** Opening Input data block **

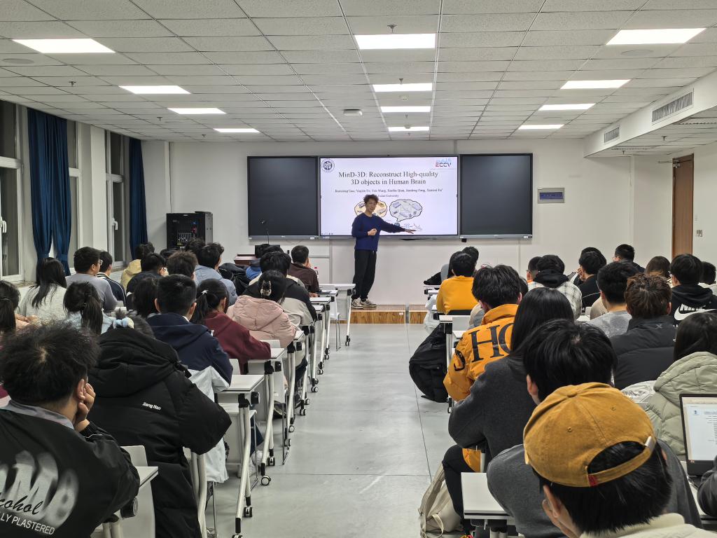 高剑雄,现为复旦大学类脑智能科学与技术研究院博士生。讲座中,他以“基于大模型的脑信号视觉信息解码”为主题,深入浅出地介绍了其所在团队在脑机接口领域的前沿研究,并分享了在科研过程中所面临的挑战、解决思路以及取得的成果。在交流环节,同学们积极提问,高剑雄耐心解答了大家关于计算机视觉研究方向、推免申请、实习面试等方面的问题。他鼓励同学们勇于探索、积极实践,并分享了自己在博士就读期间的心路历程。
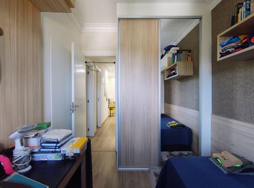 Este apartamento dispõe de três dormitórios, sendo que um deles foi inteligentemente transformado em closet, criando um espaço ideal para armazenamento com elegância. O segundo dormitório conta com móveis planejados, perfeito para ser utilizado como quarto de solteiro ou home office. A suíte principal também está equipada com armários planejados, oferecendo conforto, privacidade e organização.
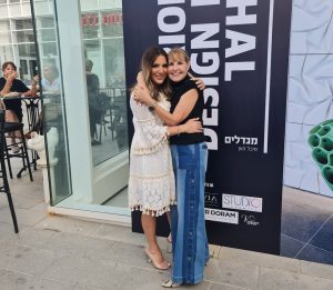 תחיה רובינשטיין מבעלי סטודיו קרמיקה בהשקת ספרה של מיכל האן עם עופרה שמעוני משמאל צילום יהודית סטרובולסקי

** Closing Input data block **

→ **Work order**:
Copy everything in the listing above exactly except the pictures.

→ **Result of this task**:
 高剑雄,现为复旦大学类脑智能科学与技术研究院博士生。讲座中,他以“基于大模型的脑信号视觉信息解码”为主题,深入浅出地介绍了其所在团队在脑机接口领域的前沿研究,并分享了在科研过程中所面临的挑战、解决思路以及取得的成果。在交流环节,同学们积极提问,高剑雄耐心解答了大家关于计算机视觉研究方向、推免申请、实习面试等方面的问题。他鼓励同学们勇于探索、积极实践,并分享了自己在博士就读期间的心路历程。
 Este apartamento dispõe de três dormitórios, sendo que um deles foi inteligentemente transformado em closet, criando um espaço ideal para armazenamento com elegância. O segundo dormitório conta com móveis planejados, perfeito para ser utilizado como quarto de solteiro ou home office. A suíte principal também está equipada com armários planejados, oferecendo conforto, privacidade e organização.
 תחיה רובינשטיין מבעלי סטודיו קרמיקה בהשקת ספרה של מיכל האן עם עופרה שמעוני משמאל צילום יהודית סטרובולסקי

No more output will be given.